22. And while on the topic of nudity, here in my little village there is a river, and kind of a lake near the river. You have to hike to get there, and it is kind of over the river and through the woods, but a nice walk, and the dogs love it there in the summer. But here in my little village, the attire at the lake is clothes optional, which means that everyone (except me) is nude. After a few minutes of shock at my first view of this (my husband did not warn me on purpose for his amusement) you do tend to get desensitized to the whole scene, but there is a certain immodesty associated with this Icking brand of nude bathing. Many (not all) of the men and women alike seem to prefer to recline spread eagled. I take this a little bit hard, and my only comment when I first saw all this was that I had never in my life in one place seen so many scrotums. And a few years later I can only add that they are proudly on view. Pretty racy for the very conservative little world that I live in.

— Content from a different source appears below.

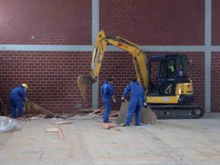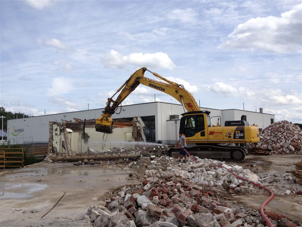 olli75 0 Geschrieben 19. Juli 2012 Geschrieben 19. Juli 2012 Hallo zusammen,anbei einige Bilder zum BV: Abbruch alte Turnhalle St. Katharinen.Momentan laufen die Entkernungsarbeiten auf Hochtouren.Ein kleiner Bereich des Anbaus wurde vorab abgebrochen, um mit Minibagger und Hubarbeitsbühne in die Sporthalle zu gelangen. Zitieren

23. Washing machines, dryers, and refrigerators are smaller than American models. Every American woman that I know here complains about having to constantly do laundry. The size of the washing machine really can't be about saving energy, because they run forever to do a load, and you have to do 3x the loads that you would in an American machine. You can find American size refrigerators here, but they tend to be expensive. I dream of a big washing machine and dryer, but the refrigerator is hopeless as there is not a space for this in our kitchen. Sigh.

24. Most everyone here uniformly thinks that Bush is an idiot, and have no grasp of why anyone would support him in any way. This works well for me and I appreciate the sympathy.